AI Integration in Mobile Apps: A Practical Step-by-Step Walkthrough

AI Integration in Mobile Apps

In 2026, mobile applications are no longer just interfaces for static data. They are increasingly expected to perceive, reason, and react to their environment in real time. Incorporating Artificial Intelligence into your mobile stack is no longer a futuristic luxury—it is a modern necessity.

However, developers face a critical architectural decision: Should you run your AI models in the cloud via APIs, or directly on the device?

This guide provides a comprehensive walkthrough of AI integration in mobile apps, comparing cloud vs. on-device architectures, and providing a step-by-step practical implementation for both iOS (Swift) and Android (Kotlin).


1. Cloud AI vs.
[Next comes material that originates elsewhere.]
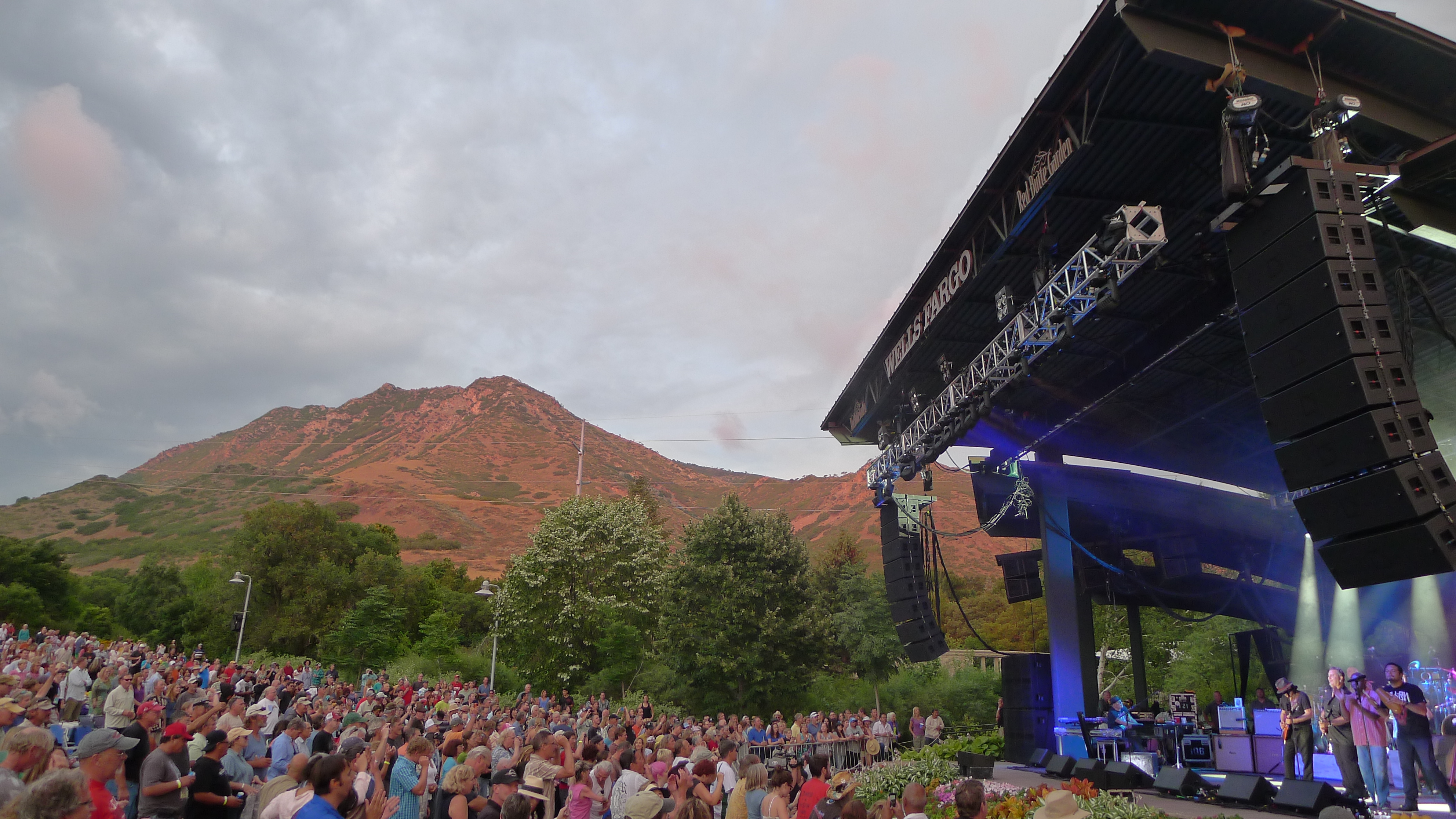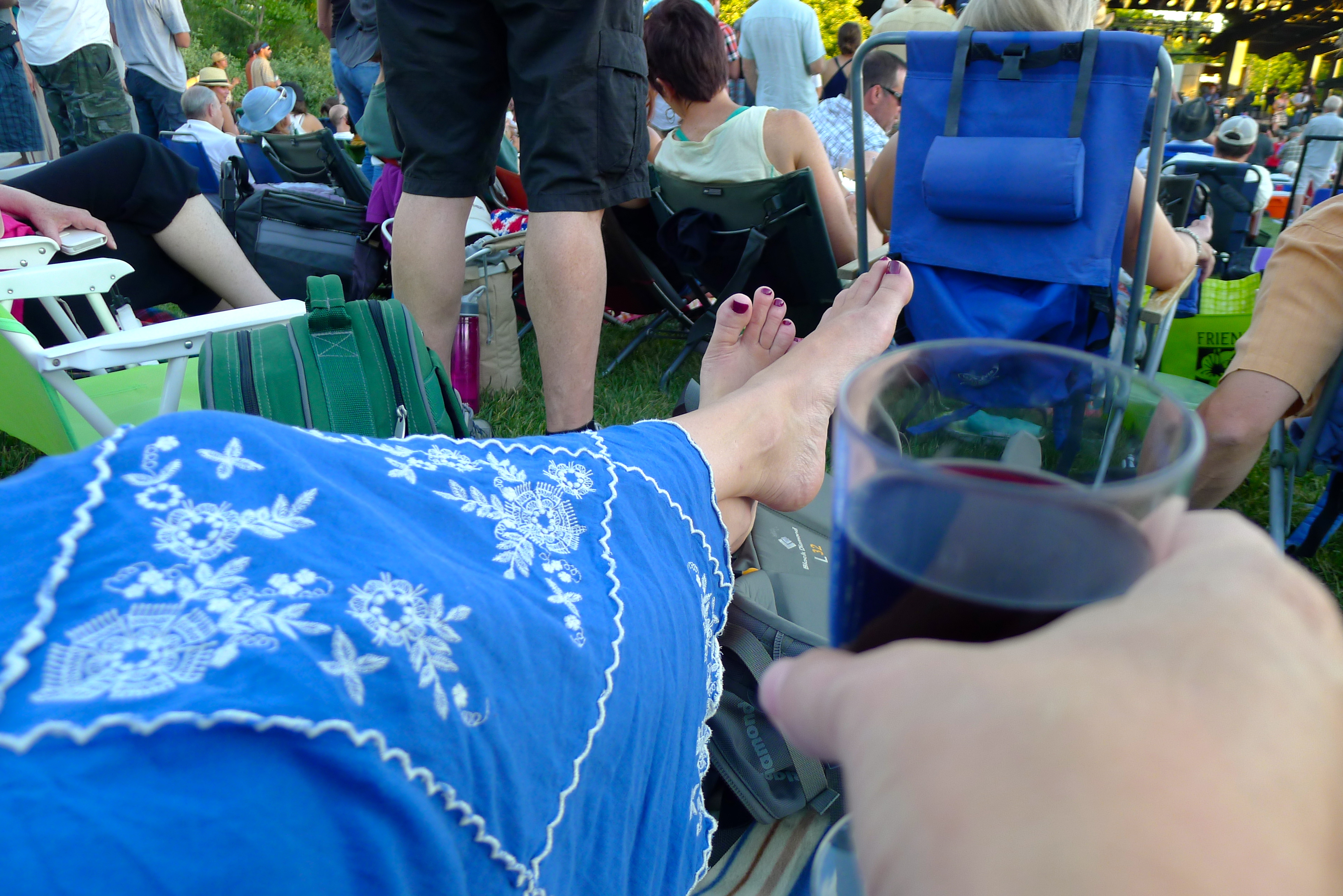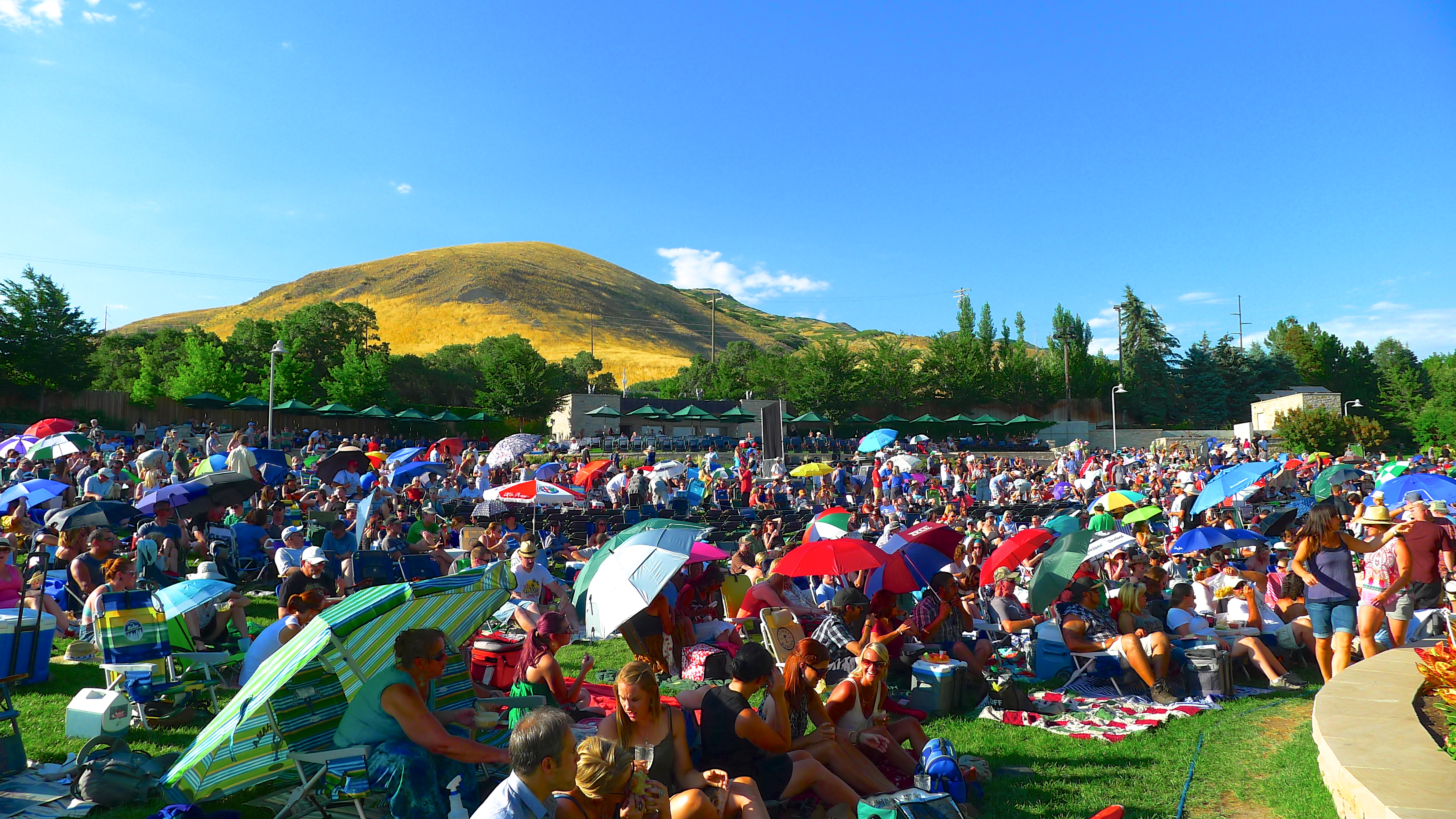 Red Butte Garden’s amphitheater is gorgeous. It’s tucked into the foothills near the University of Utah, part of the botanical gardens I visited recently. A gentle slope of grass leads back from a beautiful open stage and truly, there’s not a bad seat in the house. That said, people will line up hours before the gate opens to be able to get their preferred spot on the grass. It’s like tailgating for a big game, only instead of kegs of beer, there are huge thermoses filled with cocktails and multiple bottles of wine. Instead of grills and hot dogs and brats, there are picnic baskets and Tupperware filled with sundried tomato pesto and brie cheese and artisan crackers. The picnic is part of the fun, and waiting in line is part of the process.

On-Device AI: The Architectural Choice

Before writing code, you must understand the trade-offs of where your model executes:

Vector Cloud AI (API-driven) On-Device AI (Edge)
Compute Power Virtually unlimited (GPUs/TPUs) Restricted by mobile hardware (CPU/GPU/NPU)
Latency Network dependent (100ms - 2s+) Ultra-low (sub-10ms)
Cost High (recurring API/server costs) Zero (uses user’s hardware)
Offline Capability Impossible (requires active connection) 100% functional offline
Privacy Sensitive user data must leave the device Absolute (data never leaves the device)

2. On-Device AI Frameworks

If you choose on-device execution, several optimized runtimes are available:

  • Google ML Kit: Excellent, plug-and-play SDK for common tasks (image labeling, text recognition, face detection) on both Android and iOS.
  • CoreML: Apple’s highly optimized framework designed to leverage the Apple Neural Engine (ANE) for maximum speed.
  • TensorFlow Lite / PyTorch Mobile: Best for deploying custom neural network architectures.
  • ONNX Runtime Mobile: A cross-platform engine allowing you to run models from almost any training framework (PyTorch, TensorFlow, etc.) on device.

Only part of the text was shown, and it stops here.